Why do they do that?


----------



## RubyRed (Sep 24, 2011)

I wish I had an answer for you....hoping someone does, I would like to know why men do the things they do!


----------



## TRellis (Sep 16, 2013)

A possibility may be ...

"The devil that you know may be better than the devil that you don't?"

I have heard some say this about why they went back to their exes.

TRellis


----------



## Terri in WV (May 10, 2002)

Maybe cheaper than divorce? :shrug:


----------



## NoClue (Jan 22, 2007)

Loyalty, obligation, or history are possibilities

Speaking personally, though, once you get the title 'ex', there's no going back.


----------



## Fowler (Jul 8, 2008)

I am the same Noclue, there is no going back. 
Its seems no one wants to move forward and have a possibly good life with another, cause they keep going back to what they know. Maybe there's some truth in what Trellis is saying.


----------



## Laura (May 10, 2002)

Losing half their stuff, including their retirement seems to be the motivator for many men to stay married and work it out with their "Wicked Witch of the West." Also, "Separated" can mean just about anything from waiting for the judge's signature on final decree to still in the home and POed at her.
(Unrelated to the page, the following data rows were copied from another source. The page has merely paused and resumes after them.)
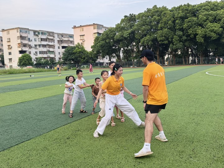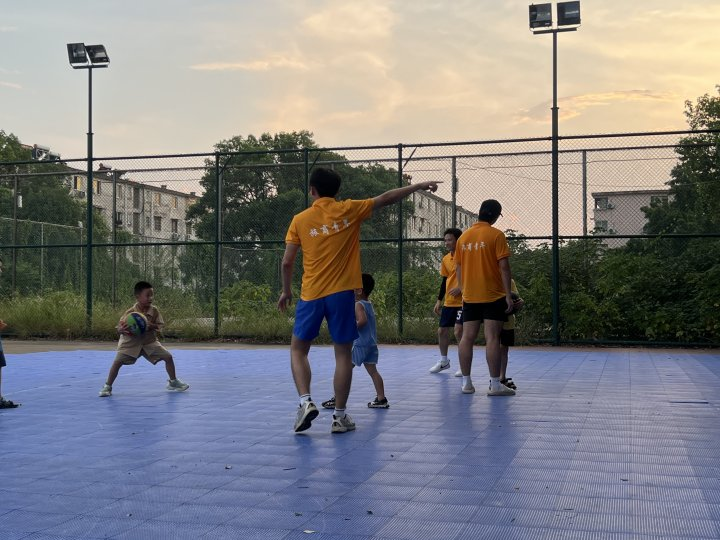 篮球场上的成长序曲:社区篮球场上,志愿者俯身为“教练”,指尖轻点篮球,示范拍球的节奏、传球的角度、投篮的弧线。孩子们攥紧篮球的小手从颤抖到稳健,额角的汗珠映着阳光,当篮球“唰”地入网,“我投进啦!”的欢呼便刺破暑气——运动的自信,正随每一次跳跃悄然生长。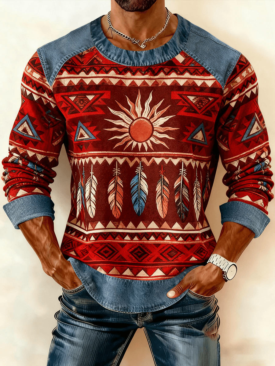 Men's Vintage Western Denim Patchwork Printed Sweatshirt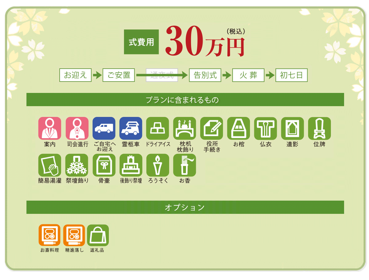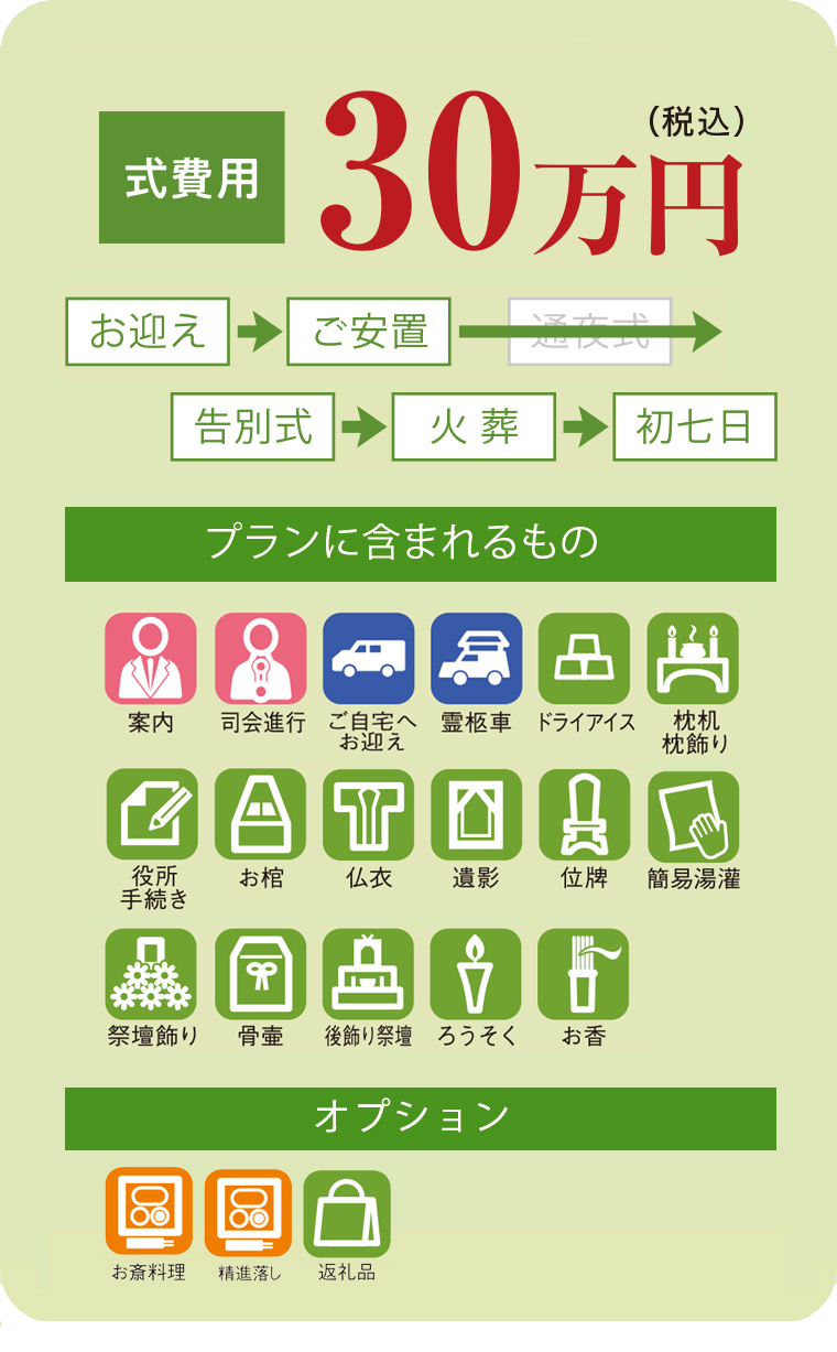 お斎料理は省き、仏具は必要最低限に抑えつつ、葬儀式はしっかりと行うプランです。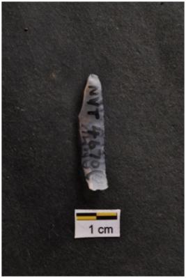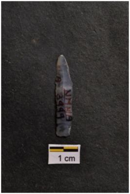 | Description / विवरण | Blade, prominent bulb with striking platform at proximal end, a ridge on dorsal surface, use-ware marks on both working edges. |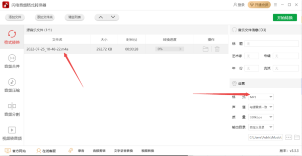 我们只需要将m4a文件添加到软件当然,然后在右侧的输出设置界面中,将输出格式选择成mp3,即可实现电脑m4a文件转变成mp3文件的需求了。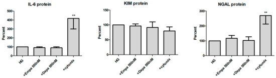 Effect of empagliflozin and dapagliflozin on the release of pro-inflammatory and injury proteins. Cells were grown in a 24-well plate until confluence, serum depleted for 2 h and stimulated in HG for 48 h. Supernatants were then harvested and quantified using commercially available immunoassays (optical density 450/620 nm, calculated as percent in relation to the control (HG), mean ± SD). A mixture of pro-inflammatory cytokines (cytomix) was used as a positive control. (** p < 0.01 versus HG, IL-6 n = 6, KIM-1 and NGAL n = 4).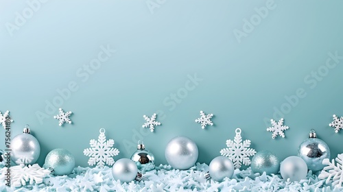 Blue Background with Christmas Ornaments And Snowflakes on the Bottom

Men with this status usually aren't emotionally available for long term relationships.


----------



## Fowler (Jul 8, 2008)

I am starting to think that men just like crazy and drama.


----------



## starjj (May 2, 2005)

Fear of the unknown. It is not surprising. Many women stay in a bad marriages because it is what they "know". it is the same with men.
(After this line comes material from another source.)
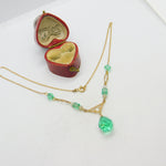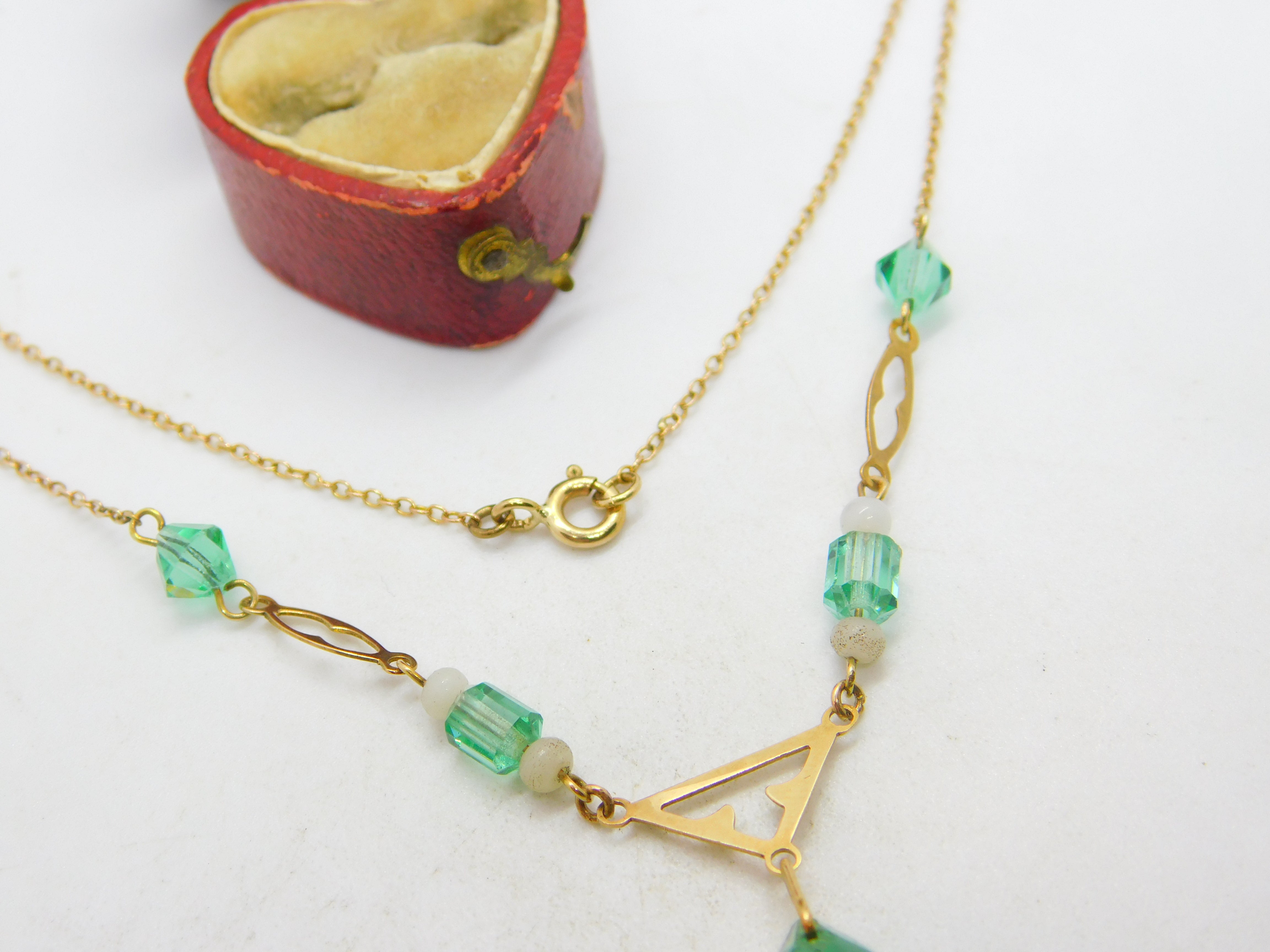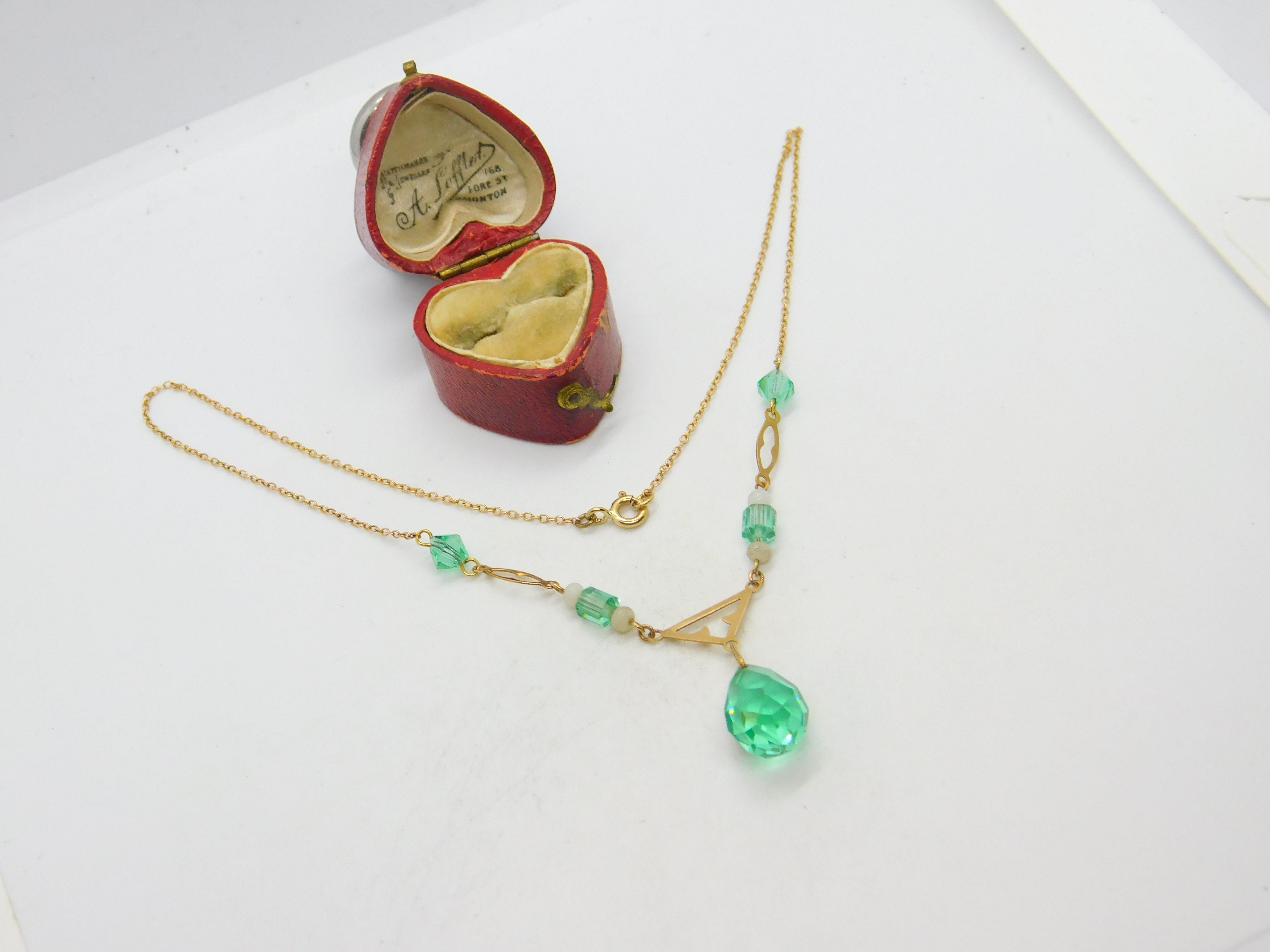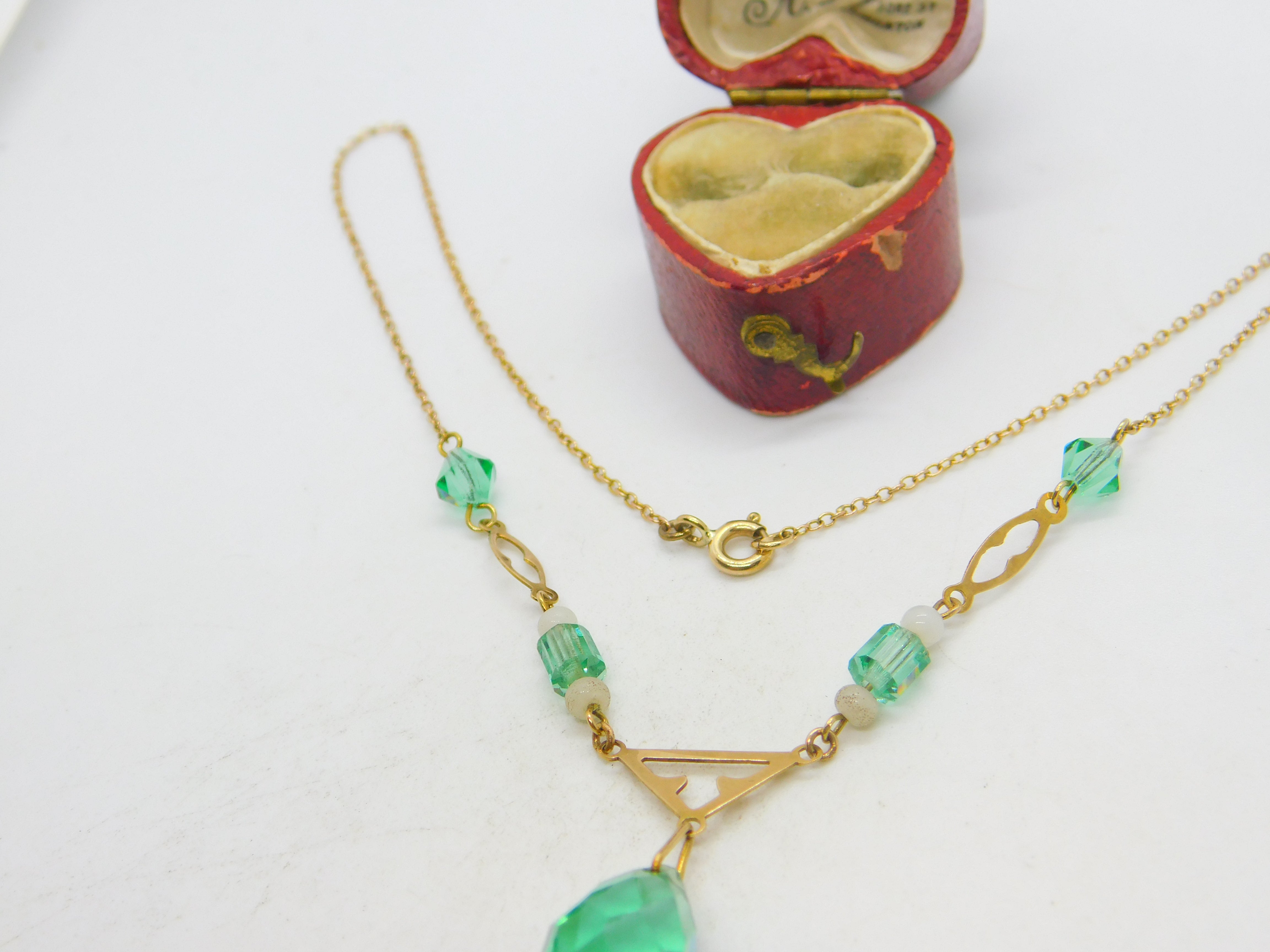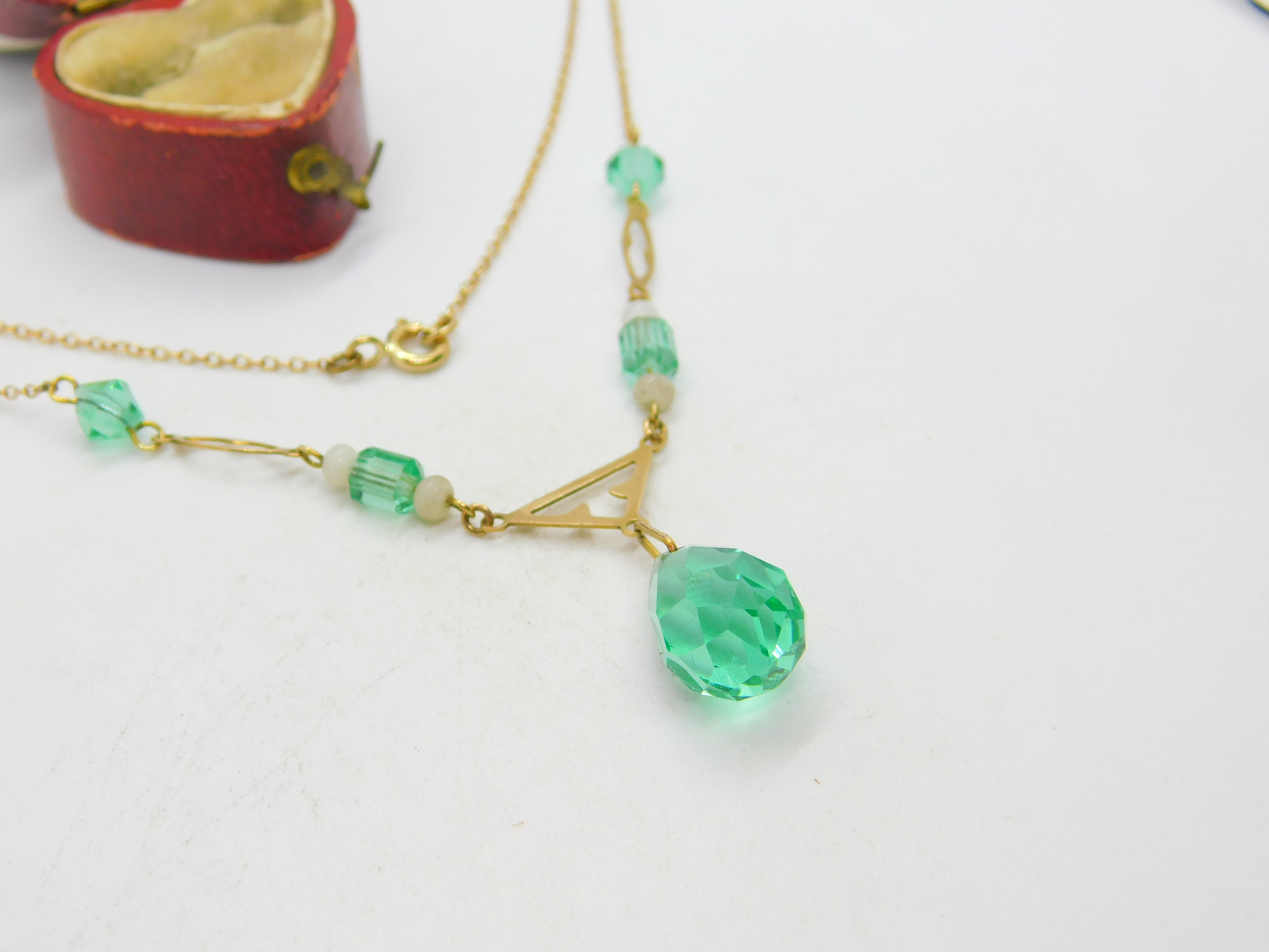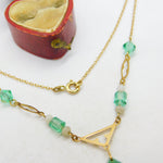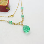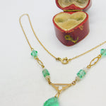9ct Yellow Gold & Faceted Green Glass Modernist Drop Necklace Art Deco c1940

I knew a woman that was married for many years. They divorced (both their choice) and she dated for like 8 years. She ended up going back to him and they remarried. HGe had remarried and been divorced in the years they were apart. Last I knew they were still happy.


----------



## Twp.Tom (Dec 29, 2010)

I am sorry that they treated you this way. Sounds to me that they just were not"painting the whole picture",when describing their situation.I have always wondered about others "ex's". Are they vindictive,angry,homicidal? Or is it totally over? When someone does you like this,it makes it even harder to "Trust".


----------



## Laura (May 10, 2002)

Also realize some men using this status won't jump ship without a life boat. We call them Cheaters.


----------



## Cornhusker (Mar 20, 2003)

Men, like women, sometimes get attached to people who are bad for them, and cling to the "good" times while trying to justify the bad.
Women can be abusive and manipulative as well as a man can, knowing some men have the need to be the protector and provider, they use that.
The man may want out of the relationship, but if she convinces him all the problems are his fault, instinct kicks in and he's right back in there trying to fix things.
We men ain't that smart sometimes.


----------



## Fowler (Jul 8, 2008)

Cornhusker said:


> Men, like women, sometimes get attached to people who are bad for them, and cling to the "good" times while trying to justify the bad.
> Women can be abusive and manipulative as well as a man can, knowing some men have the need to be the protector and provider, they use that.
> The man may want out of the relationship, but if she convinces him all the problems are his fault, instinct kicks in and he's right back in there trying to fix things.
> We men ain't that smart sometimes.


Your comment made a ton of sense, as well as others who posted, but this one seemed real honest. Thank you.


----------



## FarmboyBill (Aug 19, 2005)

I think you got it JJ and Husker


----------



## Fowler (Jul 8, 2008)

And yes Tom, it makes me not trust myself


----------



## whiterock (Mar 26, 2003)

If children are involved it could make a difference. I took my ex back the first time she left so I could get my daughter back. I would do anything to keep my little girl. When ex left the second time, I helped her pack and move. Little girl had grown up then. I continued to stay in the marriage because I got it in mind that I had said for better or worse. No one was happy then either. 
BTW Fowler, I won't be taking her back again, her wife probably wouldn't like it.
Ed


----------



## viggie (Jul 17, 2009)

I've only dated 4 men seriously. After almost 2 years one got moody and depressed for a week and broke up with me (at work, on messenger...it was so out of the blue and upsetting I went home sick). When I got a chance to ask what happened so I knew what I was doing wrong his feedback was basically that he didn't think I cared because I didn't try to tell him what to do. 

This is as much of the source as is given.